[Task input]
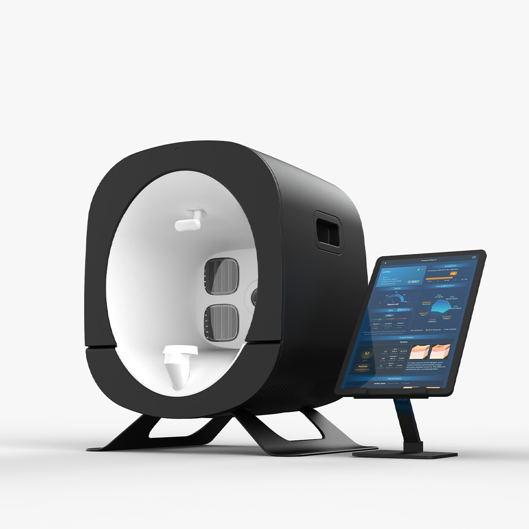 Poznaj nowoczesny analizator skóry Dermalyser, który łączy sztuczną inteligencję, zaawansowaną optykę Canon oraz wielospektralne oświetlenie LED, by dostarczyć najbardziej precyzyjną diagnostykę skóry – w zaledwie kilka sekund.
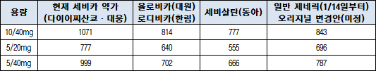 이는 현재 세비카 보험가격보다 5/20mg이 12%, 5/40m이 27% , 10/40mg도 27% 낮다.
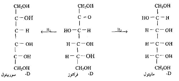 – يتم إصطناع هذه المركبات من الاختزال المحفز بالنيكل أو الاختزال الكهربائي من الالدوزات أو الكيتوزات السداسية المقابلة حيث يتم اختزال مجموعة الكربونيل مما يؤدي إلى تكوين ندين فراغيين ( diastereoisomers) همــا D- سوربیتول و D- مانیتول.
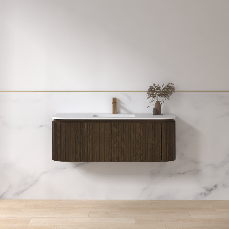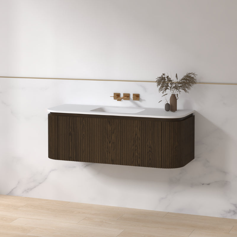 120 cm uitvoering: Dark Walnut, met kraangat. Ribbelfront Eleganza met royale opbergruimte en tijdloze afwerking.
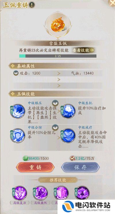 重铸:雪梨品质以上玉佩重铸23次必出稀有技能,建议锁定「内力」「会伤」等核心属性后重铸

---

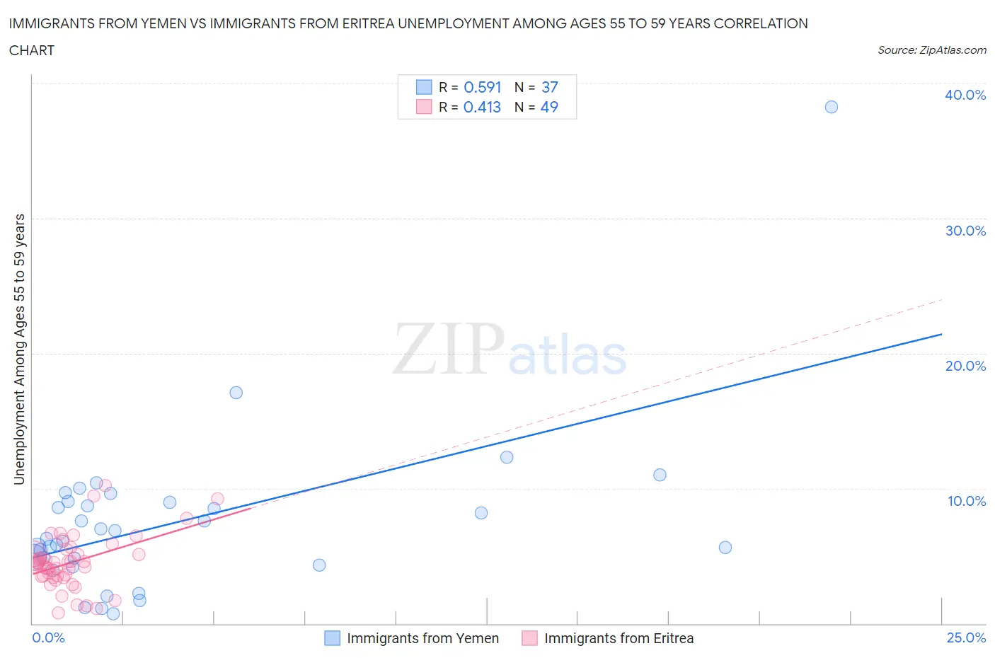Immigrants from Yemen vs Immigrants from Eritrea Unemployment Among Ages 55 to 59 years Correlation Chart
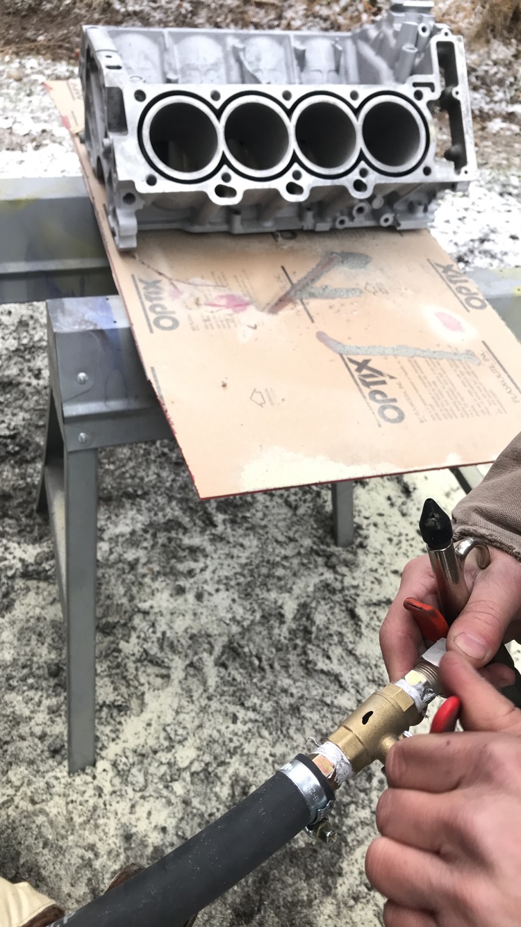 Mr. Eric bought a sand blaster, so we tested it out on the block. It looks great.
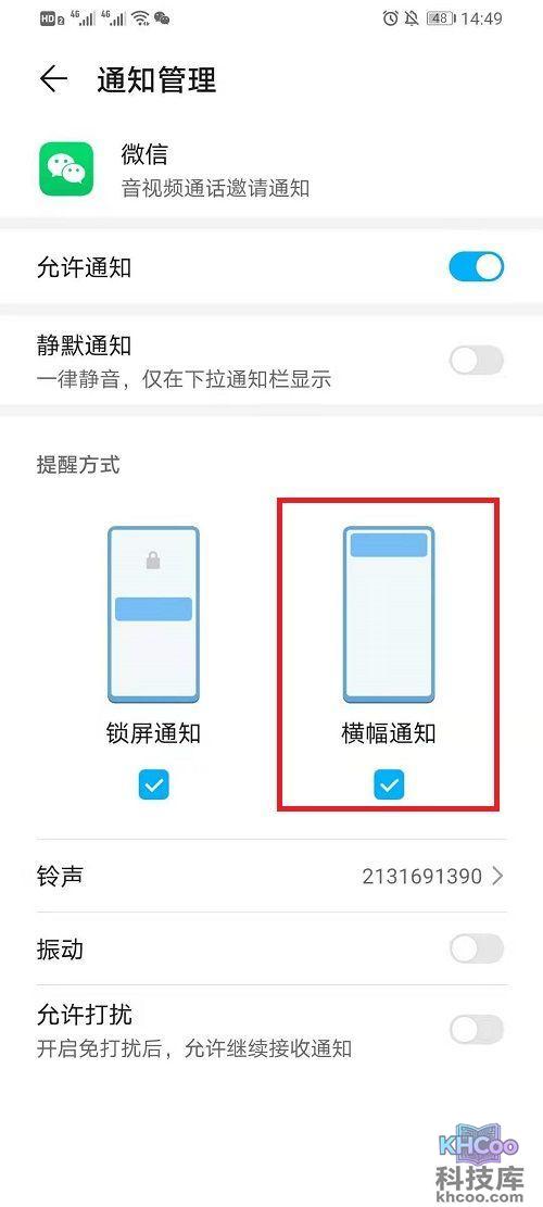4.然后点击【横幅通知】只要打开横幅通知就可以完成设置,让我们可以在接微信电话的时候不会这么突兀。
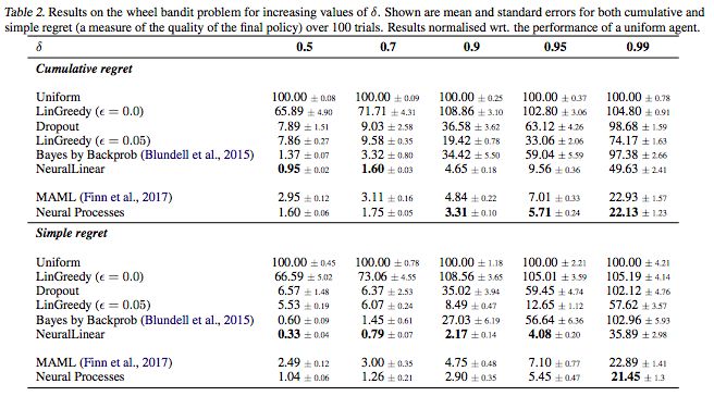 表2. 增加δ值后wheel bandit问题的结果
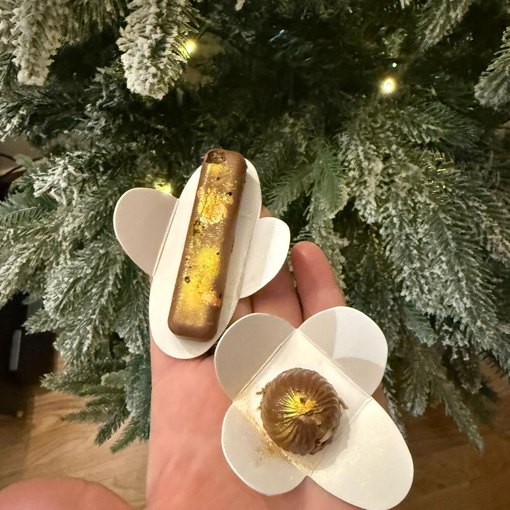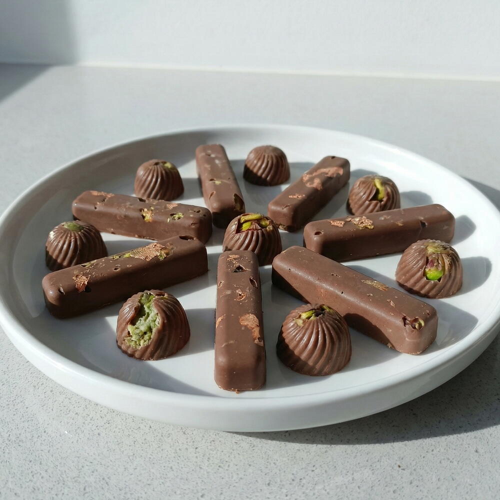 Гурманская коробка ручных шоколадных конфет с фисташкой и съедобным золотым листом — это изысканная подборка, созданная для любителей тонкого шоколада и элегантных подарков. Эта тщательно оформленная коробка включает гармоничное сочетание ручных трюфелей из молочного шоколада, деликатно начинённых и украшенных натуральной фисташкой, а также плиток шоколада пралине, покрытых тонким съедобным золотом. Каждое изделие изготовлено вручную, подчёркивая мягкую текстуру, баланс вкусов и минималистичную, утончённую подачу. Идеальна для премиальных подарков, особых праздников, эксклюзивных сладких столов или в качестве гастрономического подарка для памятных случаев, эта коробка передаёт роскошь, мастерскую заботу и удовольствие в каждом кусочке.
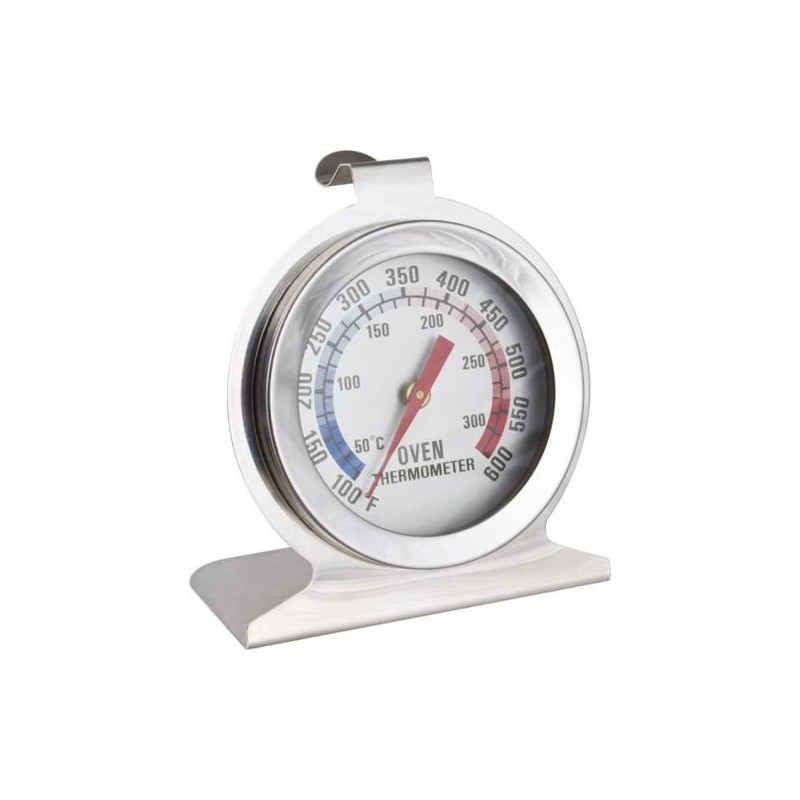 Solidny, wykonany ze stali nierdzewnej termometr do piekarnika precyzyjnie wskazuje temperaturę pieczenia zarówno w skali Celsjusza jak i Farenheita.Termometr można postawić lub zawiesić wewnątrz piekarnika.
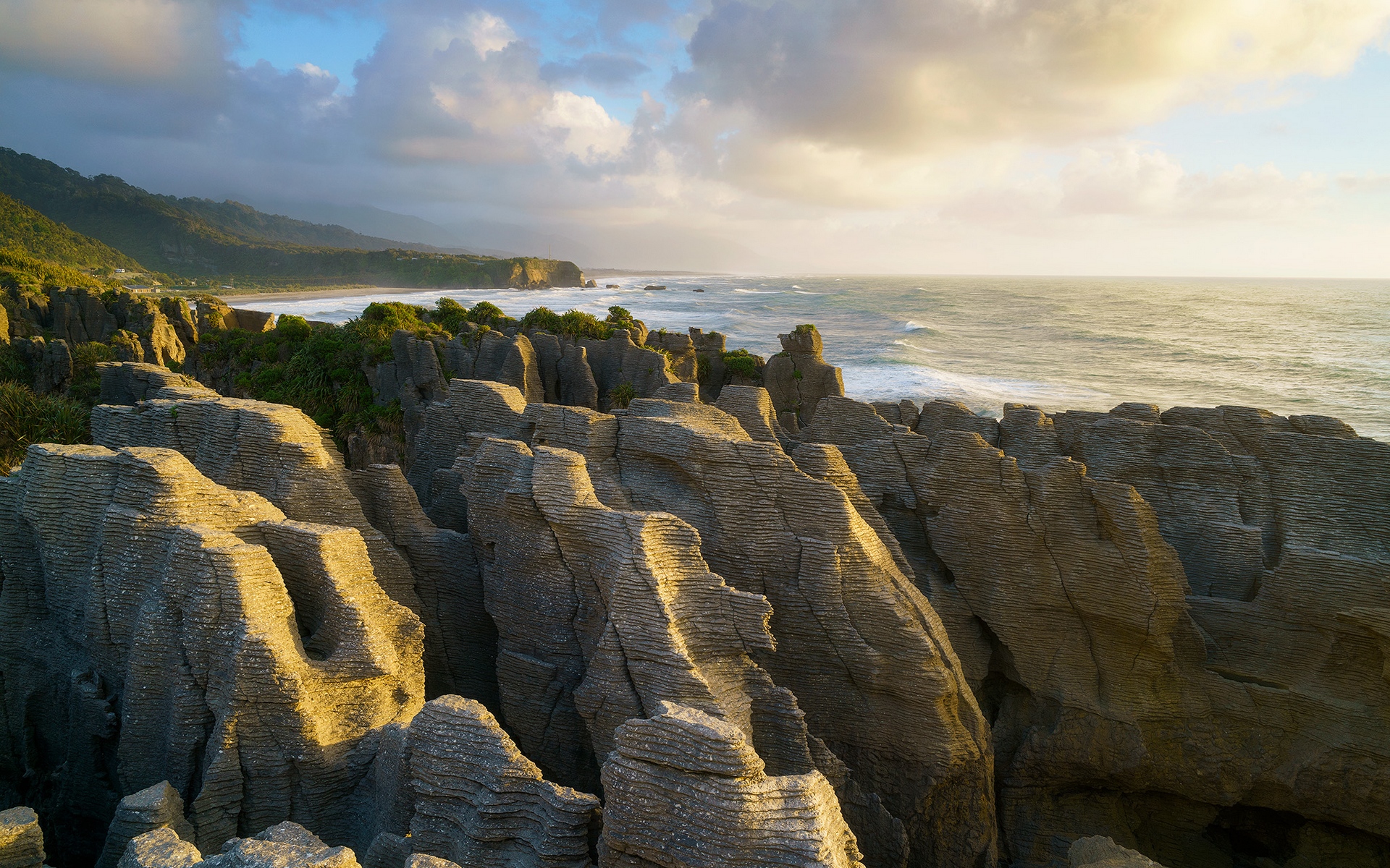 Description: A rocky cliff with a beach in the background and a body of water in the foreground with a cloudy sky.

==

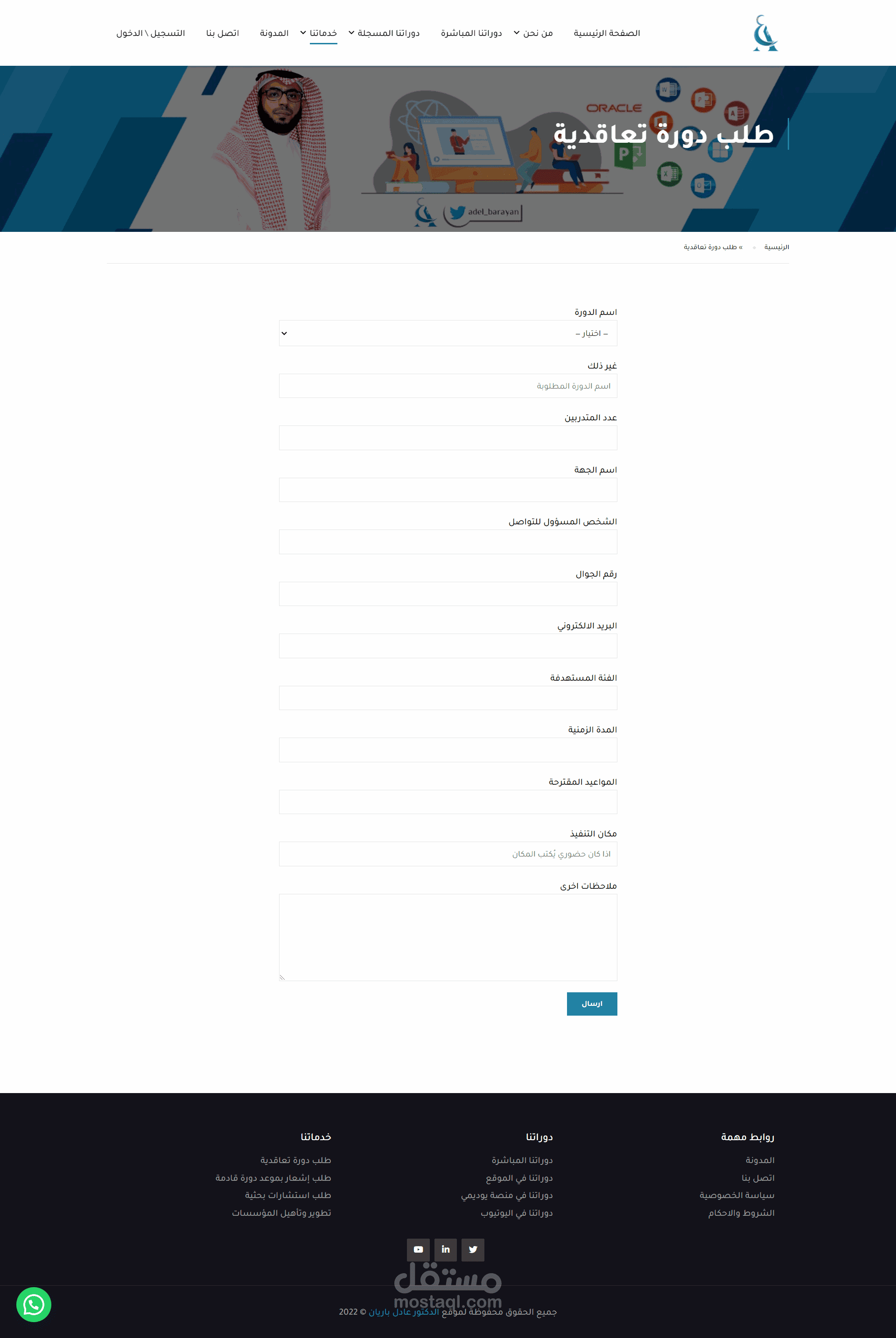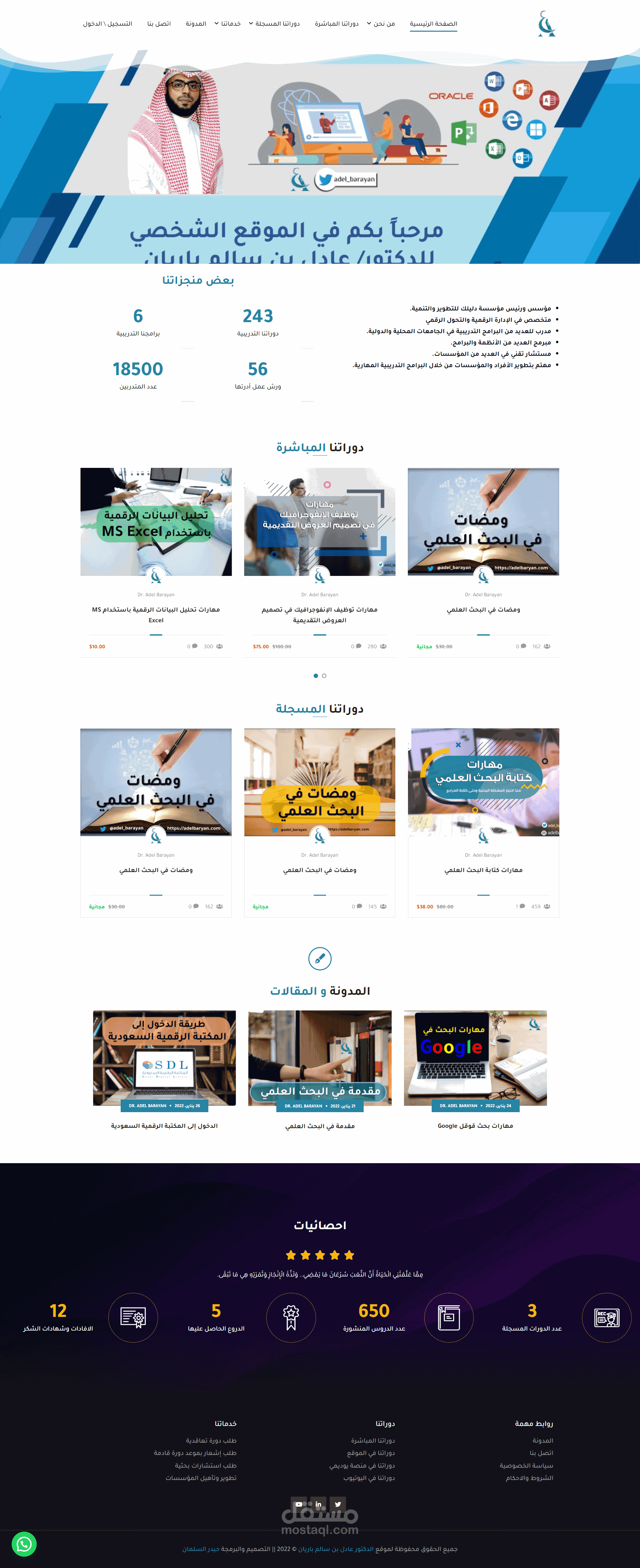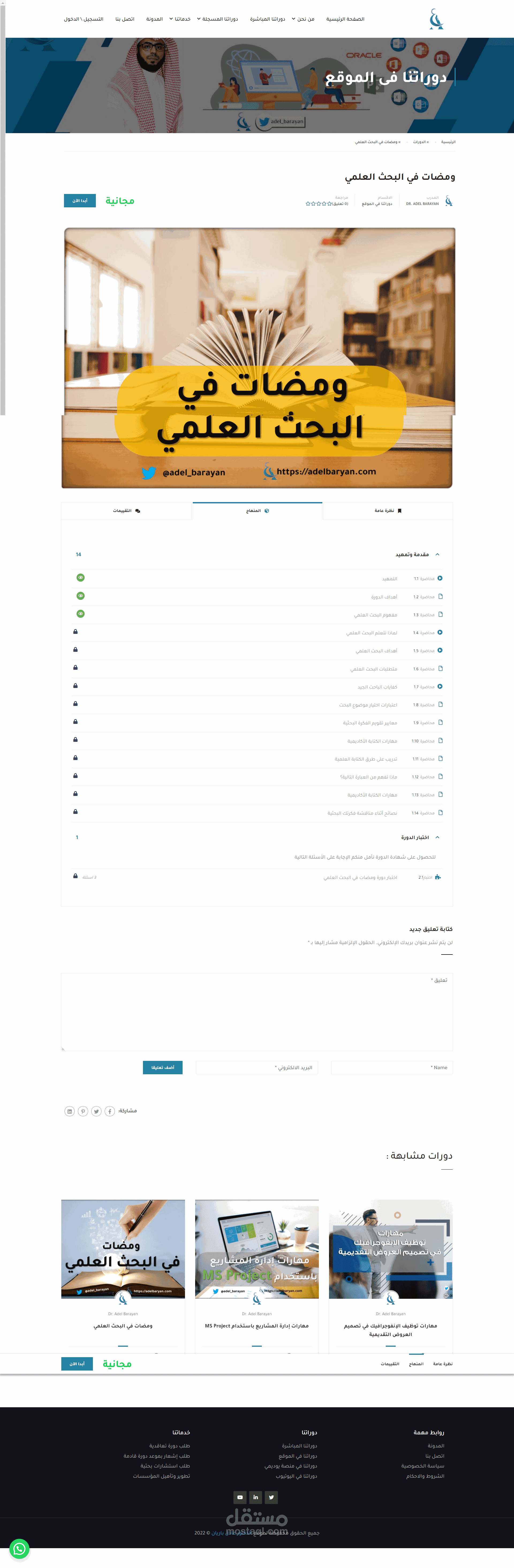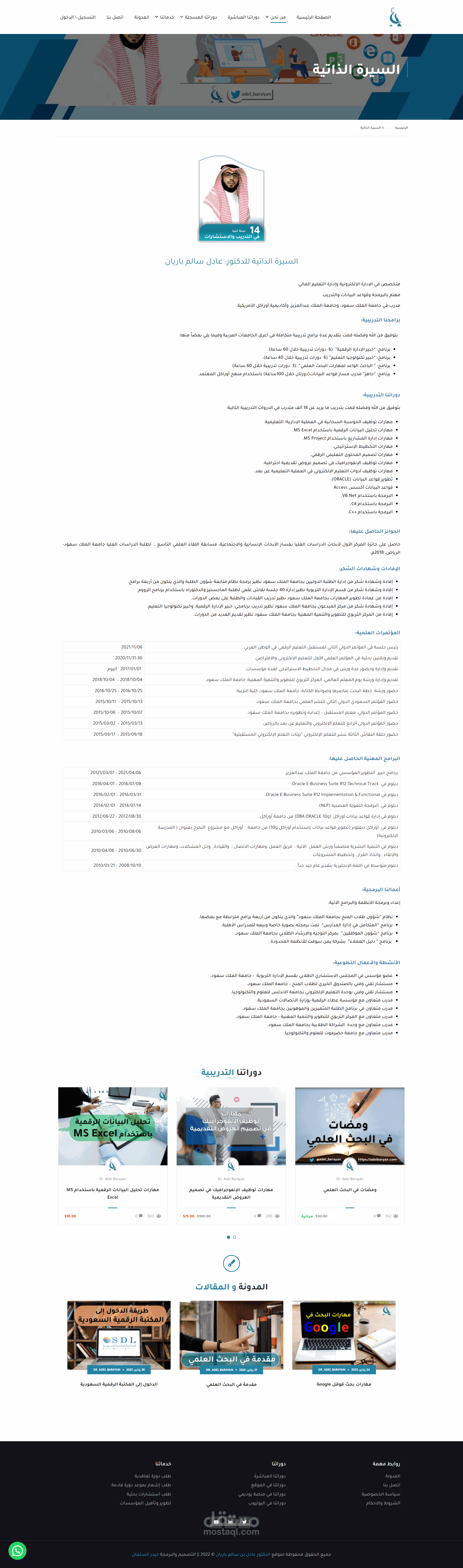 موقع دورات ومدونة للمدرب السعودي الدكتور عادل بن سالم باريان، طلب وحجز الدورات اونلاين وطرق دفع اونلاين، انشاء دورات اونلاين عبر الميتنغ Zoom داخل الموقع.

[Task prompt]
Reproduce exactly, with no pictures, the lines above from the one holding "Solidny, wykonany ze" to the one holding "Description: A rocky", inclusive.

[Your response]
 Solidny, wykonany ze stali nierdzewnej termometr do piekarnika precyzyjnie wskazuje temperaturę pieczenia zarówno w skali Celsjusza jak i Farenheita.Termometr można postawić lub zawiesić wewnątrz piekarnika.
 Description: A rocky cliff with a beach in the background and a body of water in the foreground with a cloudy sky.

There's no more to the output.